This article was contributed by Denis Souza Rosa, Developer Advocacy Manager at Couchbase.
In 1777, British mathematician, Jesse Ramsden, published a paper describing the design of a screw-cutting lathe. This machine represented a big technology breakthrough, as producing screws at scale enabled heavy and complex machinery to be produced faster during the industrial revolution. Today, Kubernetes and Operators are the screw-cutting lathes for stateful applications. With this combination, any software vendor is capable of providing fully managed services at a reasonable cost.
The most famous example of stateful applications in tech are databases, which developers expected to work out-of-the-box, but historically are exactly the opposite. The task of maintaining it falls on the shoulders of DevOps engineers in small to medium companies, while in big enterprises, enterprise databases are so critical that it is common to see a specialized department for data management.
There is not much room for failure in this area; data is commonly one of the most valuable assets of a company. Because of that, developers and database administrators (DBAs) have always been conservative while picking the next data storage for a project, even if it means picking a suboptimal one.
The truth is, they are not wrong. Storing and retrieving data from different sources doesn’t pose a challenge for most developers, but the learning curve to manage and size it properly could be steep. The end result is that only big enterprises have enough resources to train their teams to produce scalable and cost-effective software, while other companies often prefer to stay on the “safe side” by using relational in suboptimal scenarios. This “safe side” behavior might lead in the midterm to performance and scalability issues that, following the trend, would probably be solved on the application level with things like microservices, which adds a whole new layer of complexity, while simply staying within the same architecture but switching to a more adequate data storage would address the same problem.
This long introduction aims to state one simple problem: Developers understand that specialized databases could be a crucial success factor for their applications, but the upfront investment sometimes is higher than what they can afford. AWS was the first big company to realize that when they launched DynamoDB in 2012.

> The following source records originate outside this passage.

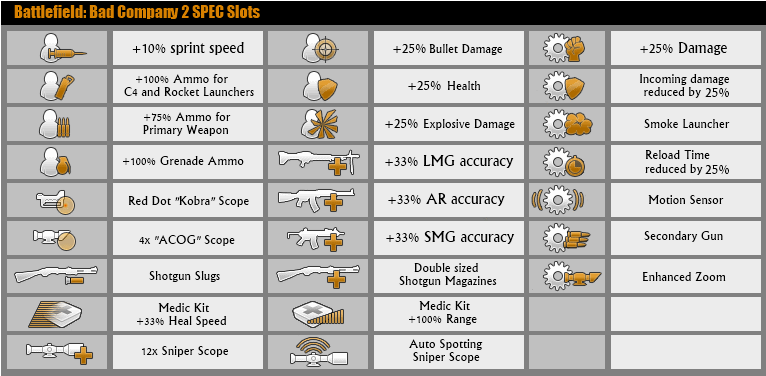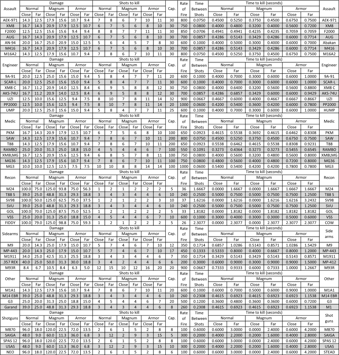 Оружие наносит максимальный урон пока не достигает точки начала спада, затем падает линейно до точки конца спада, дальше этой точки весь урон будет минимальным.Каждый боец имеет по умолчанию имеет 100hp (125hp при использовании перка на доп. броню)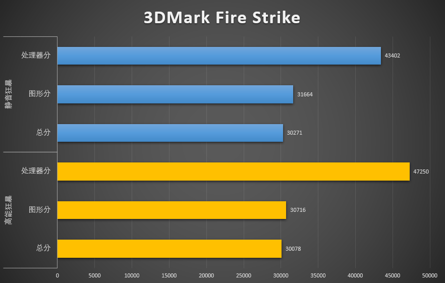 在3D Mark的Fire Strike项目中,使用高能狂暴模式时耀世16 Ultra总分为30078分,其中显卡分数30716分,处理器分数47250分。当切换到静音狂暴模式后,总分为30271分,其中显卡分数31664分,处理器分数43402分。让小编万万没想到是,静音狂暴模式下除了处理器分外居然总分和显卡分都要更高一些!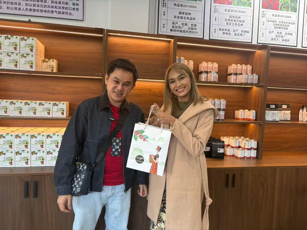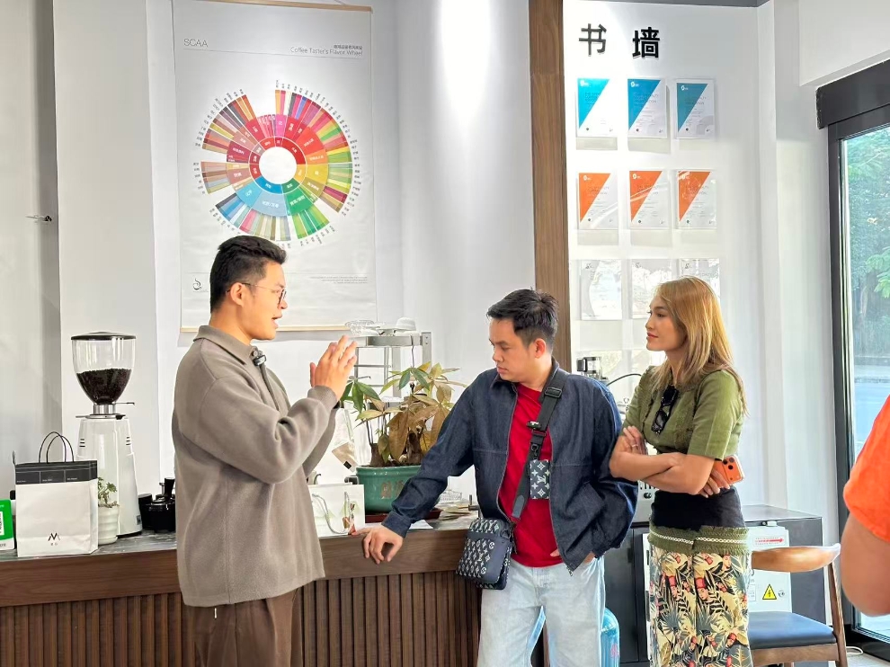 在參觀過程中,這對博主夫婦了解了從一顆種子到一杯好咖啡的完整鏈條。“好咖啡需要‘三位一體’——好生豆、好烘焙、好萃取。”SeinPhyo和Yi邊聽邊記錄,不時提出問題。在品鑒區(qū),他們嘗到了用研究所自種咖啡豆制作的飲品。“口感很均衡,”SeinPhyo評價道,“能嘗出花果香。”Yi則對其中一款帶有紅酒風(fēng)味的豆子特別感興趣。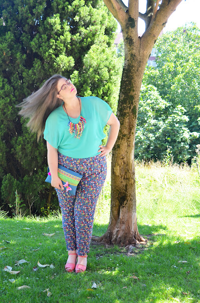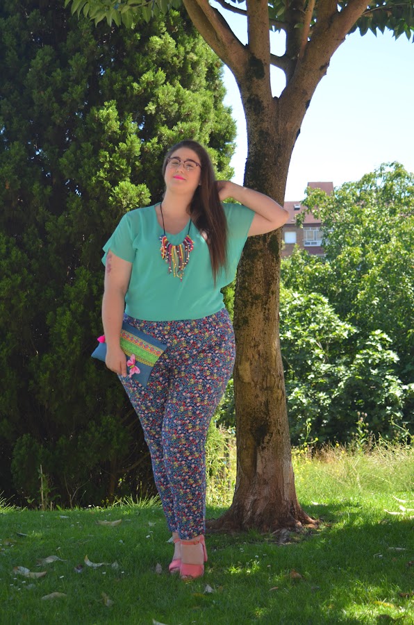 Decidí combinarla con un pantalón floreado, y por supuesto mis nuevas sandalias rosas que tienen bordadas flores en los tacones. Siento que es un outfit muy fresquito para esos días asturianos en los que no hace demasiado calor exactamente, pero tampoco frío. Y además, siendo tan colorido, levanta el animo y da unas buenas energías geniales!

Back then, launching a database-as-a-service (DBaaS) was something that only big players could do, as frequent tasks like version upgrades, recovery of faulty nodes, data replications, or even a basic thing like provisioning a simple database required some sort of infrastructure automation, which had to be written from scratch. In the majority of cases, the automation code was tightly coupled with the infrastructure that it was running on, which would also push companies to create their own private clouds to avoid anchoring their strategy and costs to third-party providers.
Borg was one of these in-house solutions developed by Google, and it would later become the sprouts of what Kubernetes is today. One of the success factors of Kubernetes was its extensibility. It allows the deployment applications called “Operators” to react to events triggered in the cluster. This feature enabled enterprise database vendors to build specialized apps that could monitor their databases and act accordingly in case of a state change, which virtually can provide a DBaaS-like experience in any Kubernetes cluster. Couchbase was the first company to release an official operator back in 2017, which made some noise in the Kubernetes/NoSQL world and created a wave of other companies trying to do something similar.
Community-driven operators have also been quite popular; databases like PostgreSQL and MySQL have various operators available, including a few enterprise databases actively maintained by large organizations. Developer groups around this topic are starting to pop up everywhere: the DOK Community (Data on Kubernetes) is a clear example of that.
Despite the fast community adoption and the stellar progress made in the last 4 years, including all major cloud providers launching their fully-managed Kubernetes services, the main challenge for companies to adopt this kind of technology is the steep learning curve of Kubernetes itself.
The future of enterprise databases-as-a-service
Providing fully-managed services became so accessible that it even became a business model for some cloud providers. Most of these technologies were open-source, so all they had to do was to add a user-friendly façade on top of it.
This strategy had a heavy impact on the revenue of some vendors, which forced them to change their licenses. MongoDB was the first one, moving to SSPL in 2018, followed by Redis (RSAL) and ElasticSearch (ELv2). Other databases like MariaDB decided to follow a different path; they all changed their licenses to BSL, which is usually converted to another license (often Apache 2) after two to four years on average. There is no right or wrong here, but open-source has always been the foundation of software development, and a license that protects the company’s intellectual property for a given time and then releases it to the public when the code still is relevant seems to be a reasonable approach to me.
The rise of DBaaS, Kubernetes, and Operators should help the adoption of NoSQL to skyrocket in the following years, as they can deliver better performance, lower cost, and higher productivity, but this time without the upfront cost of learning how to manage it. Because of that, the database market currently controlled by RDBMS should become much more diverse. All this activity will benefit the whole developer community and how we build effective software.
Denis Souza Rosa is a Developer Advocacy Manager at Couchbase.